Stanisław Bieniasz (ur. 1950 w Zabrzu, zm. tamże w 2001), wyemigrował z Polski w stanie wojennym i przez trzynaście lat mieszkał w RFN; był współpracownikiem rozgłośni Deutschlandfunk i Radia Wolna Europa. Napisał kilka interesujących sztuk teatralnych i telewizyjnych (Urlop zdrowotny, Stary Portfel, Pora zbiorów, Senator) oraz wiele zbiorów opowiadań i kilka powieści, w których sięgał po przypadki własnego losu i opisywał dylematy i dramaty losu człowieka z pogranicza dwu światów, polskiego i niemieckiego – będącego zarazem losem większości jego literackich bohaterów. Ludzi rozdartych między dwie nacje, dwie kultury, dwa tak odmienne światy i style życia, dwa światopoglądy i różne opcje polityczne..
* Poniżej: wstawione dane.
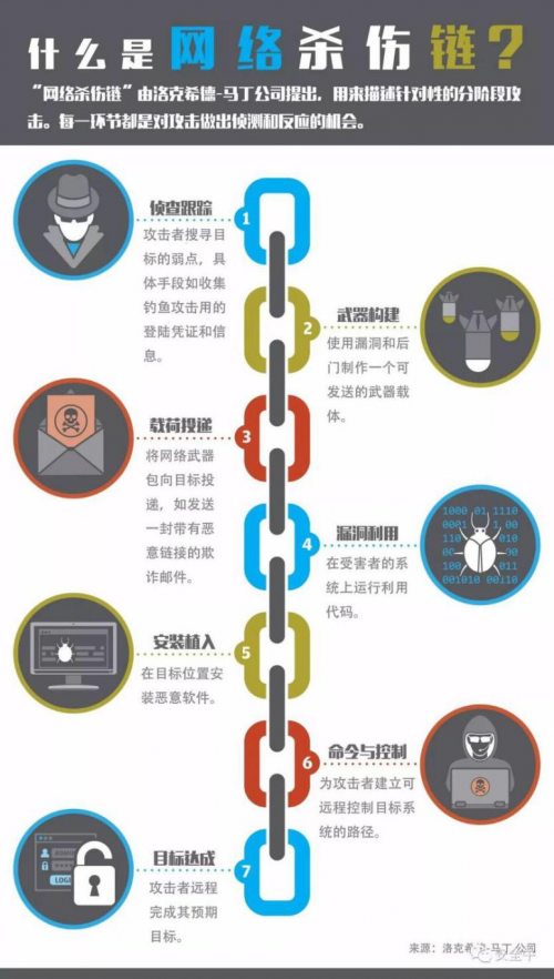 在“七步网络杀伤链”理论中,最有参考价值的是2011年洛克希德马丁发布的网络杀伤链模型,在其模型中更为关注“人”的因素。
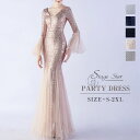 【全品最大30%OFF】マーメイドドレス スパンコール キラキラドレス ロングドレス レディース 長袖 フレア袖 Vネック ワンピース イブニングドレス パーティードレス キャバドレス マキシ丈 お姫様ドレス キラキラ セクシー 卒業式 司会 お呼ばれドレス 演奏会 きれいめ

A wszystko skomplikowane jeszcze dodatkowo wydarzeniami na Śląsku, związanymi z wprowadzeniem w Polsce stanu wojennego. Cóż, był Stanisław Bieniasz – jako pisarz – prawdziwym dzieckiem szczęścia. Toż to istna kopalnia tematów, nic tylko czerpać pełnymi garściami. I Bieniasz czerpał rzeczywiście bardzo obficie. Z obu wymienionych wyżej powieści Ucieczka podobała mi się bardziej. Jest to bowiem przede wszystkim znakomite studium psychologiczne, wnikliwy i przejmujący portret człowieka dramatycznie uwikłanego w chorobę alkoholową, Wszystko inne jest tu tylko tłem. Zarówno stan wojenny (akcja właściwa toczy się już w 1983), konflikt narodowego rozdarcia, dramat małżeński czy groteskowe przeżycia bohatera w związku ze złożoną mu – i odrzuconą – propozycją podjęcia pracy w szeregach milicji.
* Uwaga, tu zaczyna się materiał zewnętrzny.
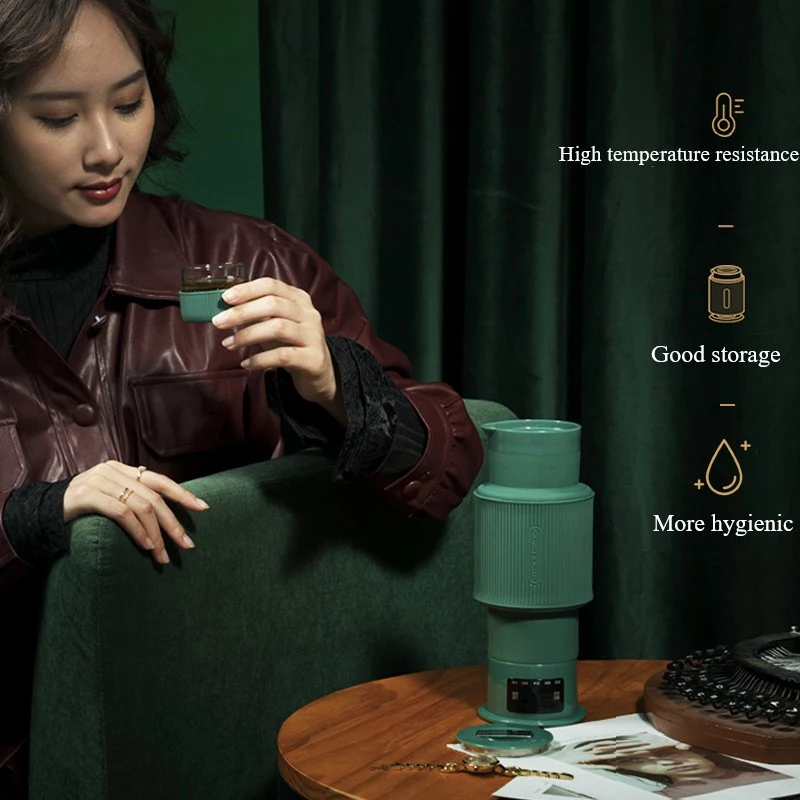 Оснащен чайной чашкой, может быть помещен в чайник для удобного хранения
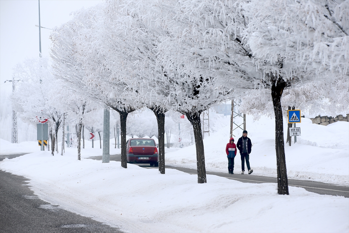 Muş'ta etkili olan kar yağışının ardından kent merkezi beyaza büründü. Soğuk havanın etkili olduğu kentte ağaçlarda kırağı oluştu.
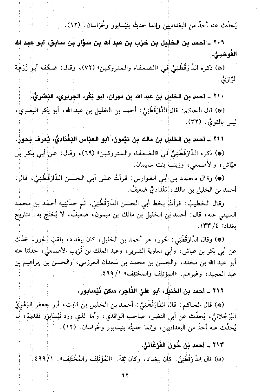 • قال الحاكم: قال الدَّارَقُطْنِيّ: أحمد بن الخليل بن عبد الله، أبو بكر البصري، ليس بالقوي. (32) .

W przeciwieństwie do Ucieczki ta druga powieść Stanisława Bieniasza – Rekonstrukcja już samym tytułem daje wrażenie narracji emocjonalnie wystudzonej, nazbyt wyrozumowanej, po reportersku wykalkulowanej, by nie rzec – wręcz publicystycznie nieco uproszczonej. Jej bohater wyjeżdża do Kolonii na stypendium w 1981 – „w owym roku ciężko wywalczonej wolności w Polsce” (to próbka stylu narracji). Stan wojenny oddziela go od żony, której władza nie chce wypuścić z kraju. Głodówka przed konsulatem polskim robi swoje i żona paszport otrzymuje, lecz tuż przed wyjazdem popełnia samobójstwo, wyskakując z szóstego piętra. Dlaczego? O tym to właśnie jest ta powieść Stanisława Bieniasza.
Ale odpowiedź, jaka pada na koniec tejże powieści (jak też, a może zwłaszcza jej stylistykę literacką), trudno uznać za w pełni satysfakcjonującą. Cytuję: „Nie wysuwał oskarżeń pod niczyim adresem. Joanna była chora i jej śmierć nastąpiła wskutek choroby Jeśli jednak Stefan miał udział w tym, że jej uległa, to nie mniejszą winę za to ponosiły warunki, w jakich wypadło jej żyć. Przyznawał chętnie, że jak na wojnę były to warunki znośne: zgodne z grubsza z konwencjami międzynarodowymi w sprawach wojny, a może nawet lepsze, lecz to nie zmieniło faktu, iż z jego krajem w tej mutacji politycznej, jaka przypadła na jego czasy, łączy go grób jego żony (…). Nie wrócę, powiedział Stefan, ponieważ ja i ten kraj mamy zbyt wiele wspólnego”.
I ten efektowny paradoks formalnie zamyka Rekonstrukcję, lecz właściwie to raczej otwierała ona nadzieję na dalszą, bo była to tylko udana zapowiedź, na bardziej pogłębioną penetrację przez Stanisława Bieniasza (i przez innych pisarzy polskich polskich, niezależnie od tego, jaki jest ich punkt widzenia, czyli także od tego gdzie obecnie mieszkają: „w kraju” czy „na emigracji”) – nadzieję na, jak dotąd, nie do końca spełnioną na bardziej literacko i poznawczo rozbudowane ujęcie tego tak przecież piekielnie złożonego problemu… Ale warto – przy rocznicowej okazji przynajmniej – o tych i następnych (Transfer i Naczelnik) powieściach Stanisława Bieniasza pamiętać.